▶ [Task item]: All pictures are to be omitted while the lines starting at the line with "- 注册新公司资金支付方式全:如何安全高效地缴纳注册资本" and ending at the line with "A Polícia Militar" in the material below are retyped exactly, both ends included.

▶ [Record set]:
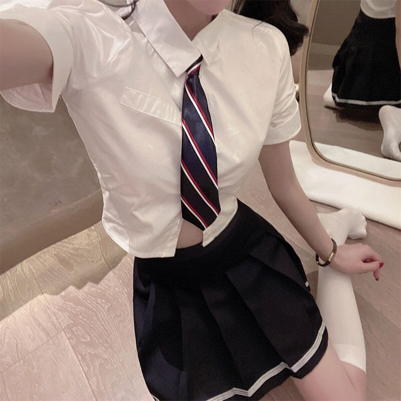 スタイルサマーショートシャツ ハイウェストウェストプリーツスカート 夏物 ハンチェンe905315586
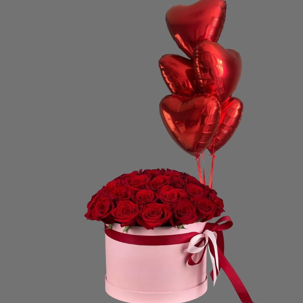 Цветочная композиция в коробке из красных роз с пятью шарами в форме сердца. Готовый романтический подарок без лишних дополнений.
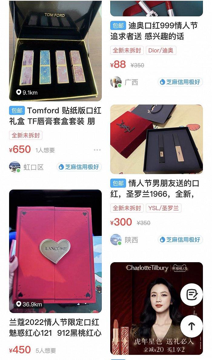 界面时尚在二手转售平台闲鱼上发现,不少用户发布了情人节礼物的转售信息,其中不乏口红香水、珠宝首饰、鲜花礼盒等节日礼物的常客,甚至还出现了价格更为高昂的品包袋。而觉察到这一风潮的闲鱼还专门推出了“转卖你的心碎礼物”的活动,鼓励用户处理受到的不适用礼物。
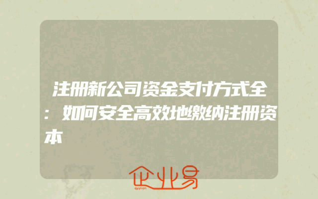 - 注册新公司资金支付方式全:如何安全高效地缴纳注册资本
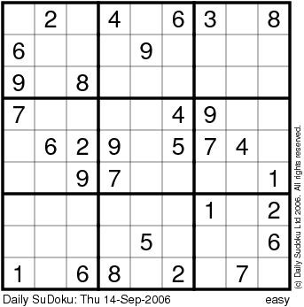 The Daily SuDoku: Thu 14-Sep-2006
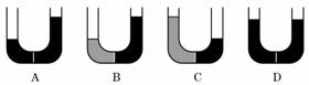 24.一U形管中装有两种不同的溶液R和S,并为一半透性膜(X)隔开,R的溶质可通过X。与 S相比,R溶液浓度较低。右图中阴影的深浅即代表浓度高低。当U形 管内达到平衡时,溶液表面与浓度的关系是 ( )
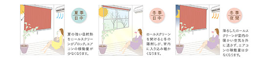 夜間は、ロールスクリーンを閉じて、室内の温度を逃がさないようにすれば、省エネ効果アップ。
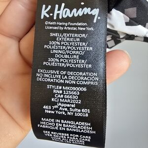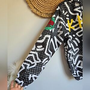 Front Pockets. Logo. Black & White Keith Haring Artwork.
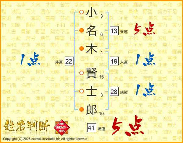 小(3画)名(6画)木(4画) 賢(15画)士(3画)郎(10画)
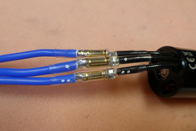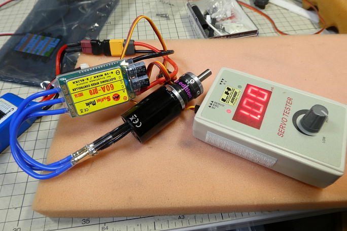 サーボテスターを使ってモーターの回転方向を確認しておきます。 ![]() モーターとESCのコードには合いマークを入れておきます。 |
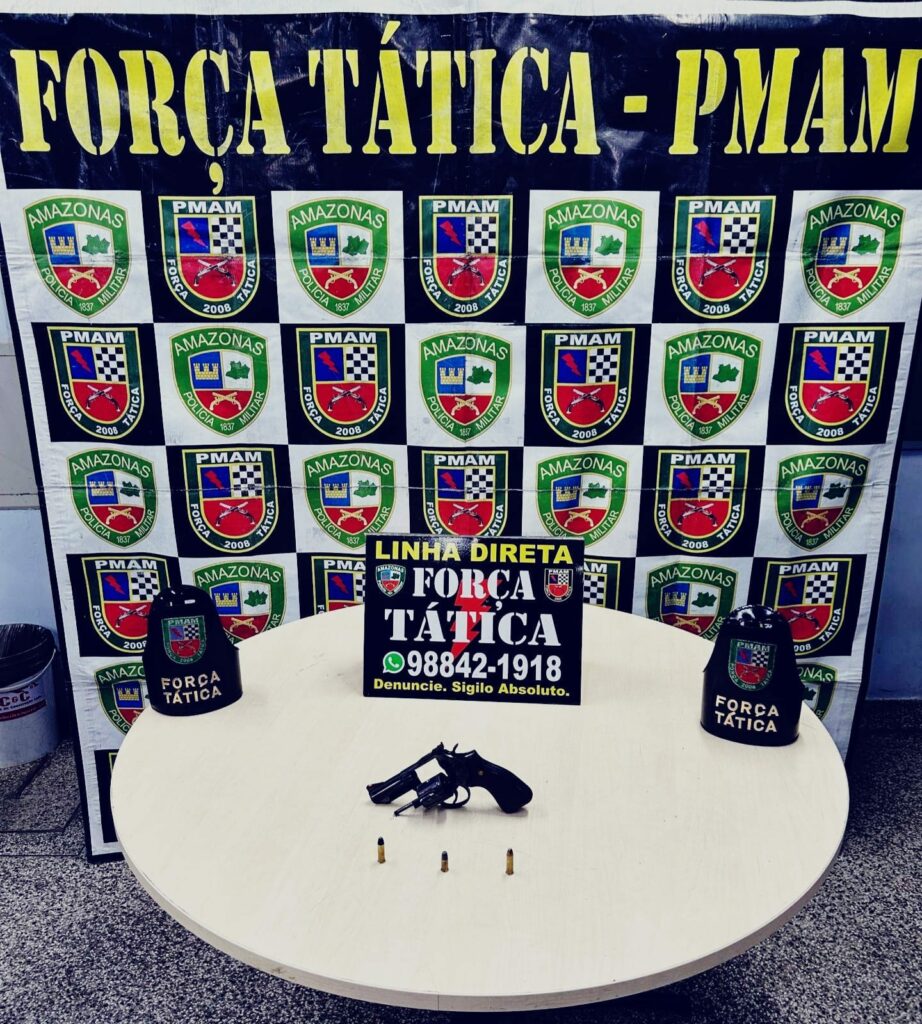 A Polícia Militar do Amazonas (PMAM), por meio da Força Tática (FT), apreendeu, na quarta-feira (17/07), por volta das 22h10, uma arma de fogo e munições, na rua Goiânia, comunidade Parque São Pedro, bairro Tarumã, zona oeste de Manaus.
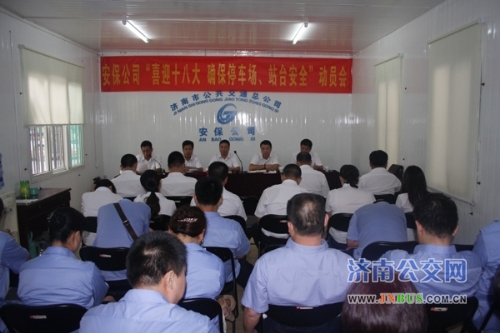 济南公交官网讯 8月20日下午,安保公司召开了由全体管理人员、检查人员、监控人员参加的动员大会。会上公司传达了关于《济南市公共交通总公司迎接党的十八大安全保卫工作实施方案》的通知以及总公司“喜迎十八大,服务上水平”的会议精神。根据总公司指示精神结合安保公司的实际情况,公司制定了《安保公司迎接党的十八大安全保卫工作》的通知,并在会后将此通知下发到各个站点,要求广大职工认真学习、领会。同时,公司将在实际工作中抓好落实。
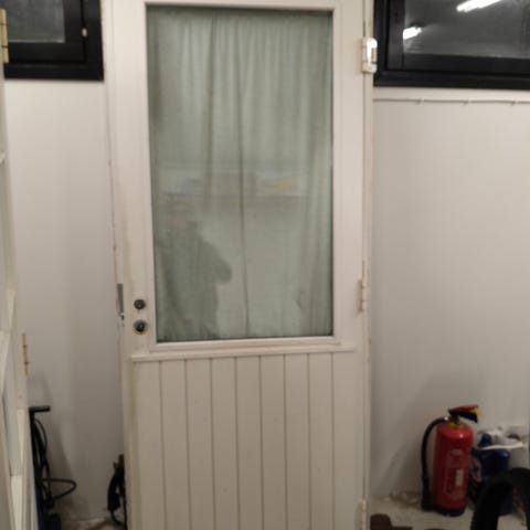 Lämpimän varaston ovi ja karmit, kynnys puuttuu.
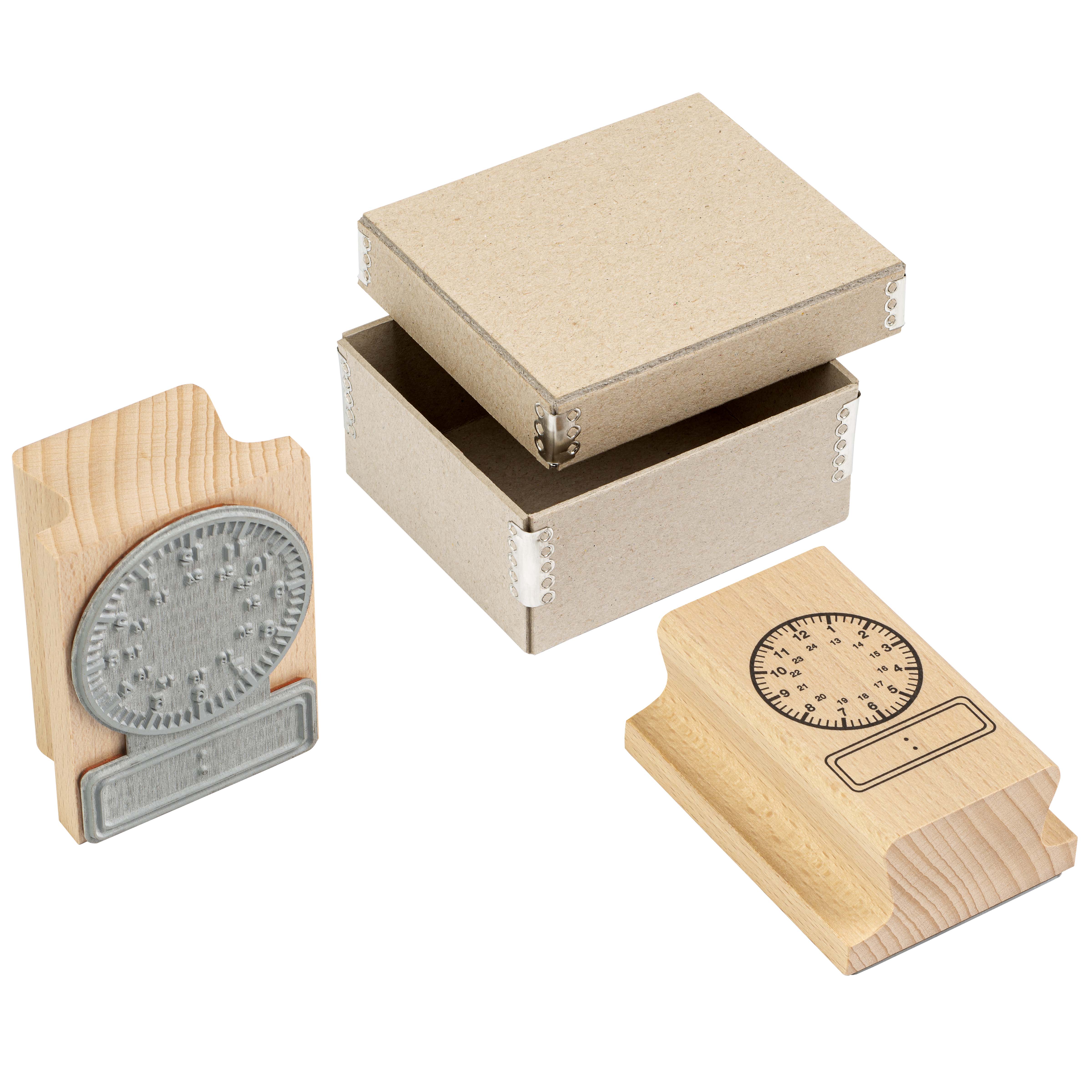 The set includes two wooden stamps - one featuring an analog clock face and another showing digital time display. Both stamps come in a hinged wooden storage box for easy organization and storage.

▶ [Your solution]:
 - 注册新公司资金支付方式全:如何安全高效地缴纳注册资本
 The Daily SuDoku: Thu 14-Sep-2006
 24.一U形管中装有两种不同的溶液R和S,并为一半透性膜(X)隔开,R的溶质可通过X。与 S相比,R溶液浓度较低。右图中阴影的深浅即代表浓度高低。当U形 管内达到平衡时,溶液表面与浓度的关系是 ( )
 夜間は、ロールスクリーンを閉じて、室内の温度を逃がさないようにすれば、省エネ効果アップ。
 Front Pockets. Logo. Black & White Keith Haring Artwork.
 小(3画)名(6画)木(4画) 賢(15画)士(3画)郎(10画)
 サーボテスターを使ってモーターの回転方向を確認しておきます。 ![]() モーターとESCのコードには合いマークを入れておきます。 |
 A Polícia Militar do Amazonas (PMAM), por meio da Força Tática (FT), apreendeu, na quarta-feira (17/07), por volta das 22h10, uma arma de fogo e munições, na rua Goiânia, comunidade Parque São Pedro, bairro Tarumã, zona oeste de Manaus.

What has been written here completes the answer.